Thank you pages. The thank you page is one of the marketer’s favorite pages because it means a new lead.

…Right?

As it turns out, some thank you pages are accessible through Google. That means people can access these pages without going through the lead capture process, and that’s bad news.

By blocking your thank you pages, you can make sure only qualified leads are seeing them.

So let’s say your thank you page is found at https://yoursite.com/thank-you/. In your robots.txt file, blocking that page would look like this:

Since there are no universal rules for which pages to disallow, your robots.txt file will be unique to your site. Use your judgment here.

There are two other directives you should know: noindex and nofollow.

You know that disallow directive we’ve been using? It doesn’t actually prevent the page from being indexed.

So theoretically, you could disallow a page, but it could still end up in the index.

Generally, you don’t want that.

That’s why you need the noindex directive. It works with the disallow directive to make sure bots don’t visit or index certain pages.

If you have any pages that you don’t want indexed (like those precious thank you pages), you can use both disallow and noindex directive:

Now, that page won’t show up in the SERPs.

Finally, there’s the nofollow directive. This is actually the same as a nofollow link. In short, it tells web robots to not crawl the links on a page.

But the nofollow directive is going to be implemented a little bit differently because it’s actually not part of the robots.txt file.

However, the nofollow directive is still instructing web robots, so it’s the same concept. The only difference is where it takes place.

Find the source code of the page you want to change, and make sure you’re in between the <head> tags.

Then paste this line:

<meta name=”robots” content=”nofollow”>

So it should look like this:

Make sure you’re not putting this line between any other tags––just the <head> tags.

This is another good option for thank you pages since web robots won’t crawl links to any lead magnets or other exclusive content.

If you want to add both noindex and nofollow directives, use this line of code:

<meta name=”robots” content=”noindex,nofollow”>

This will give web robots both directives at once.

Testing everything out

Finally, test your robots.txt file to make sure everything’s valid and operating the right way.

Google provides a free robots.txt tester as part of the Webmaster tools.

First, sign in to your Webmasters account by clicking “Sign In” on the top right corner.

Url Optimizationcreate The Perfect Url For Seo Service

Select your property (i.e., website) and click on “Crawl” in the left-hand sidebar.

You’ll see “robots.txt Tester.” Click on that.

If there’s any code in the box already, delete it and replace it with your new robots.txt file.

Click “Test” on the lower right part of the screen.

Url Optimizationcreate The Perfect Url For Seo Tool

If the “Test” text changes to “Allowed,” that means your robots.txt is valid.

Here’s some more information about the tool so you can learn what everything means in detail.

Finally, upload your robots.txt to your root directory (or save it there if you already had one).
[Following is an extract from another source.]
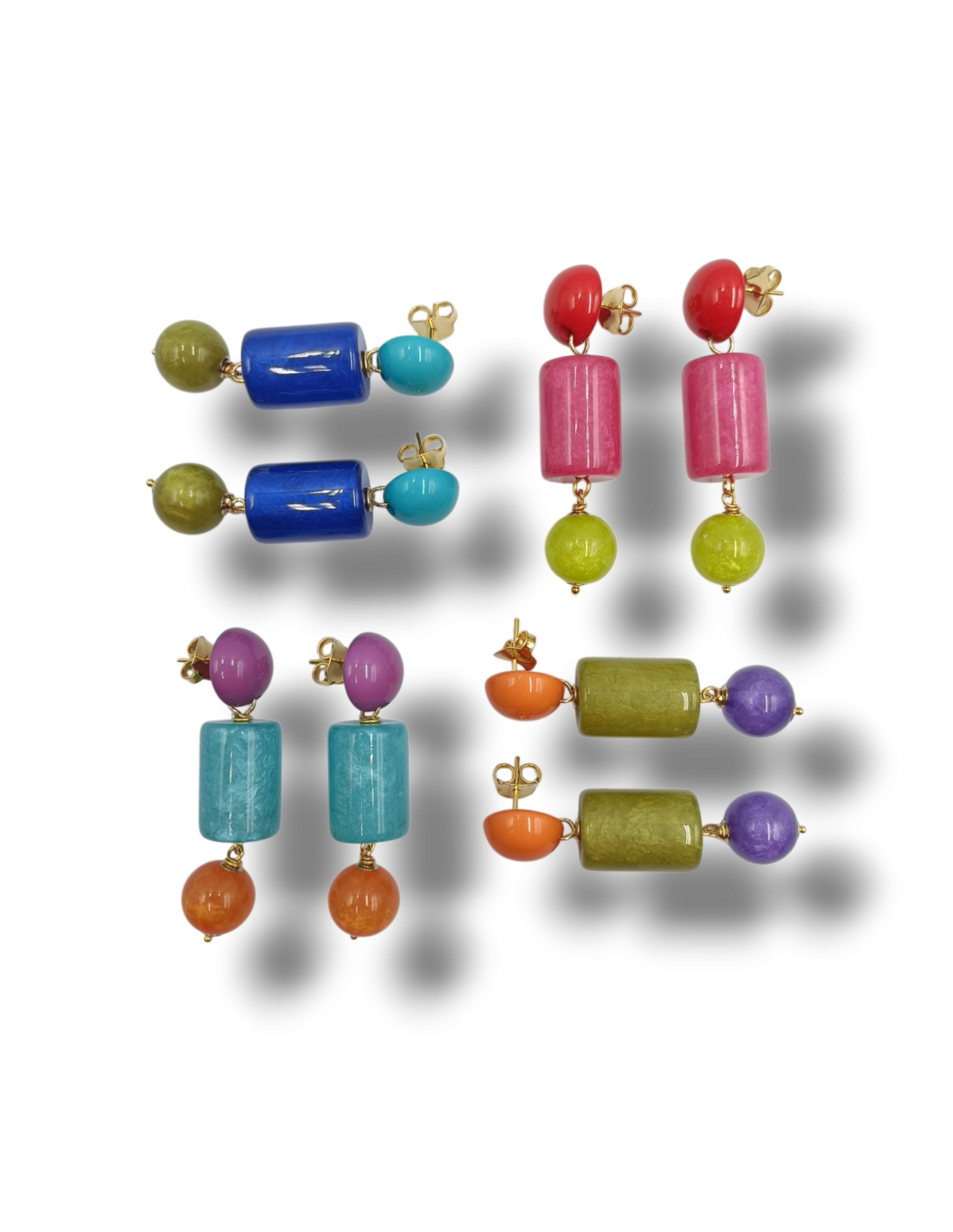 Add a splash of color to your look with these eye-catching dangling earrings, handcrafted from premium Italian resin. Featuring a pastel semi-spherical stud and vibrant speckled beads in cylindrical and spherical shapes, each piece boasts a glossy, translucent finish that makes the colors truly pop.

You’re now armed with a powerful file, and you should see an increase in your search visibility.

Conclusion

I always love sharing little-known SEO “hacks” that can give you a real advantage in more ways than one.

By setting up your robots.txt file the right way, you’re not just enhancing your own SEO. You’re also helping out your visitors.

Url Optimizationcreate The Perfect Url For Seo Free

If search engine bots can spend their crawl budgets wisely, they’ll organize and display your content in the SERPs in the best way, which means you’ll be more visible.

Url Optimizationcreate The Perfect Url For Seo Tools

It also doesn’t take a lot of effort to set up your robots.txt file. It’s mostly a one-time setup, and you can make little changes as needed.

Whether you’re starting your first or fifth site, using robots.txt can make a significant difference. I recommend giving it a spin if you haven’t done it before.

What’s your experience creating robots.txt files?